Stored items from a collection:
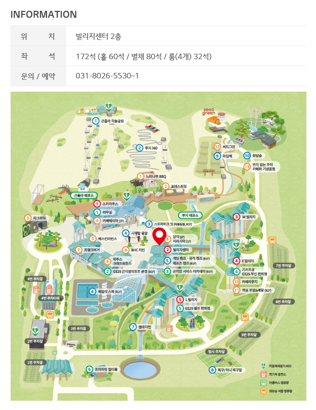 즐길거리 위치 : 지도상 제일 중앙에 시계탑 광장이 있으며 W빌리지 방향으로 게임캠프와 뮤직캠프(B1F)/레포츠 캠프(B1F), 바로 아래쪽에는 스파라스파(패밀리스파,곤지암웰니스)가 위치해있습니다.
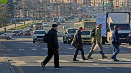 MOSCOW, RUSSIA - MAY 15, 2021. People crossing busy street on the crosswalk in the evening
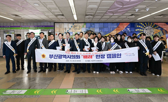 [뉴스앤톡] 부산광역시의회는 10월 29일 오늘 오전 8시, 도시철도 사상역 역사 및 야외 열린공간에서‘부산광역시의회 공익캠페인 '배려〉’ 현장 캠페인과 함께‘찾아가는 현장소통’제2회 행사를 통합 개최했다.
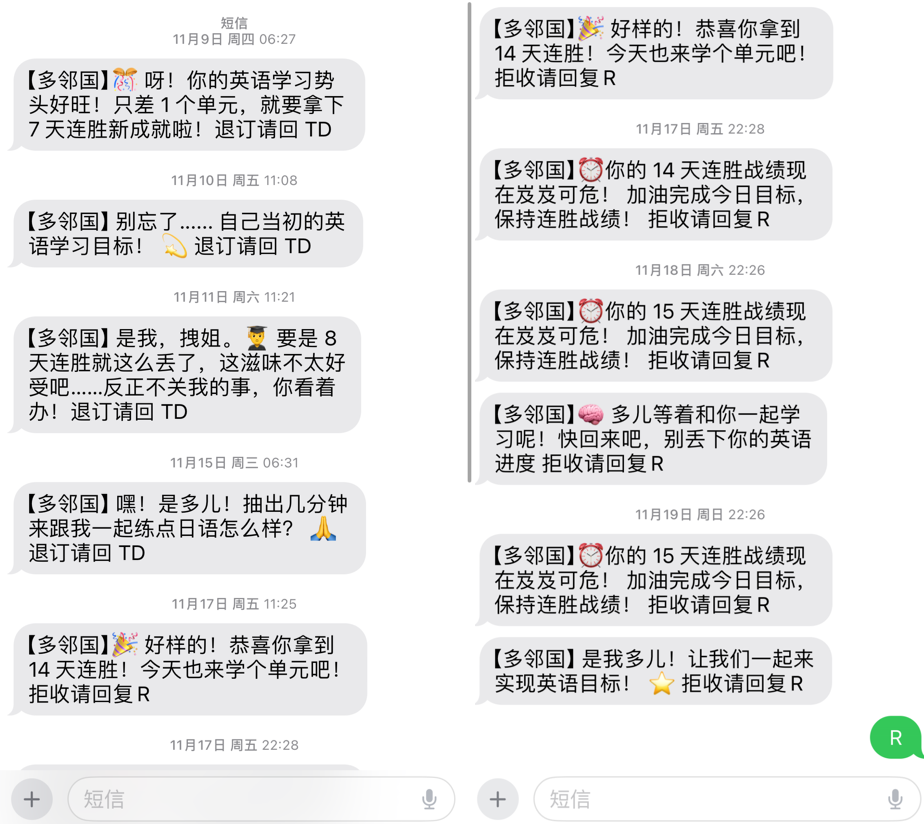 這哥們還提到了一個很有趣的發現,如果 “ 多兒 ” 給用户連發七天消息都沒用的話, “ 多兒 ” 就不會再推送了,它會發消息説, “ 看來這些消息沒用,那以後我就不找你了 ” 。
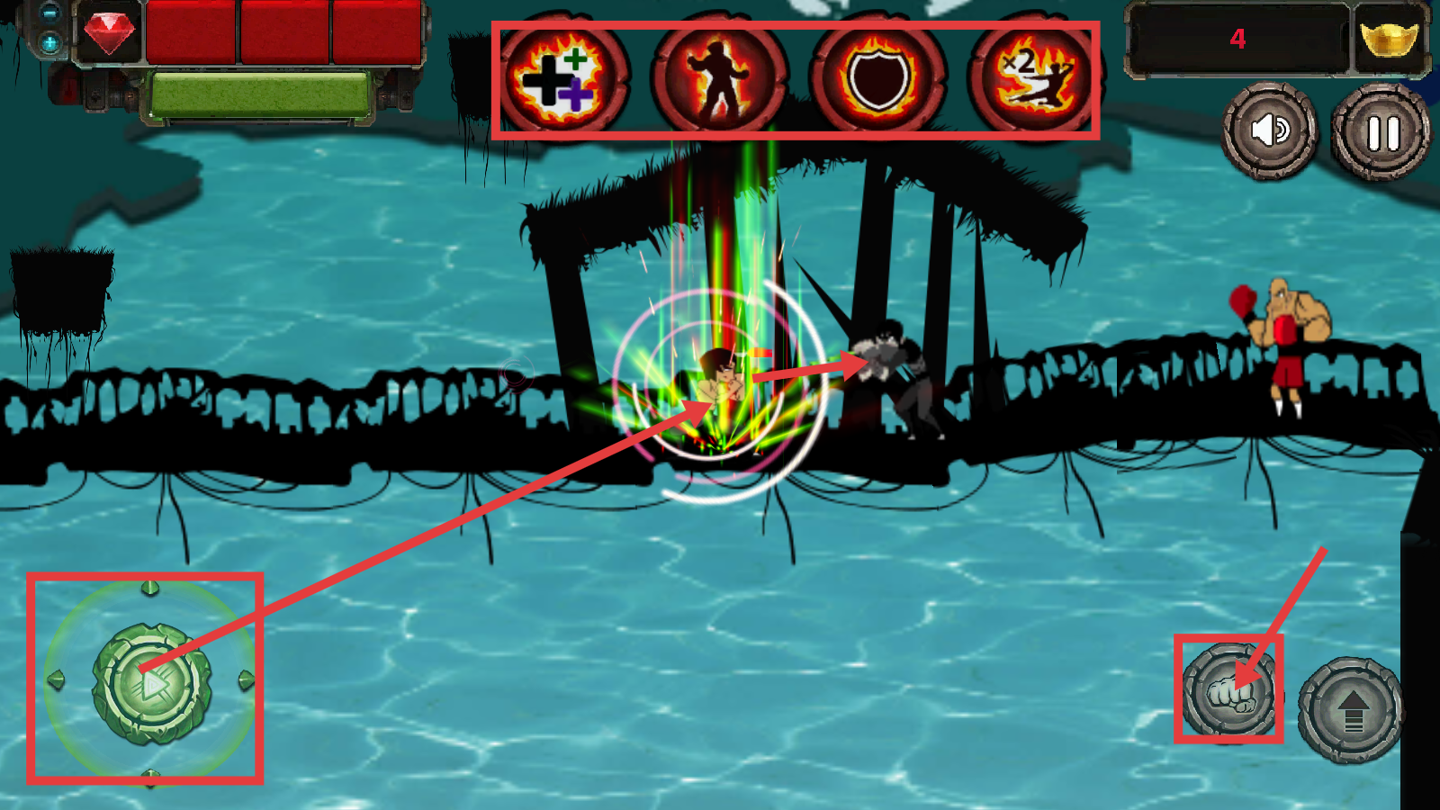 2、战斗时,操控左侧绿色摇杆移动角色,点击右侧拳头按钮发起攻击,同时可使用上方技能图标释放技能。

WHAT IS EXPECTED
What the reply must contain is an exact transcription of the data above and none of its pictures.

FINISHED EXERCISE
 즐길거리 위치 : 지도상 제일 중앙에 시계탑 광장이 있으며 W빌리지 방향으로 게임캠프와 뮤직캠프(B1F)/레포츠 캠프(B1F), 바로 아래쪽에는 스파라스파(패밀리스파,곤지암웰니스)가 위치해있습니다.
 MOSCOW, RUSSIA - MAY 15, 2021. People crossing busy street on the crosswalk in the evening
 [뉴스앤톡] 부산광역시의회는 10월 29일 오늘 오전 8시, 도시철도 사상역 역사 및 야외 열린공간에서‘부산광역시의회 공익캠페인 '배려〉’ 현장 캠페인과 함께‘찾아가는 현장소통’제2회 행사를 통합 개최했다.
 這哥們還提到了一個很有趣的發現,如果 “ 多兒 ” 給用户連發七天消息都沒用的話, “ 多兒 ” 就不會再推送了,它會發消息説, “ 看來這些消息沒用,那以後我就不找你了 ” 。
 2、战斗时,操控左侧绿色摇杆移动角色,点击右侧拳头按钮发起攻击,同时可使用上方技能图标释放技能。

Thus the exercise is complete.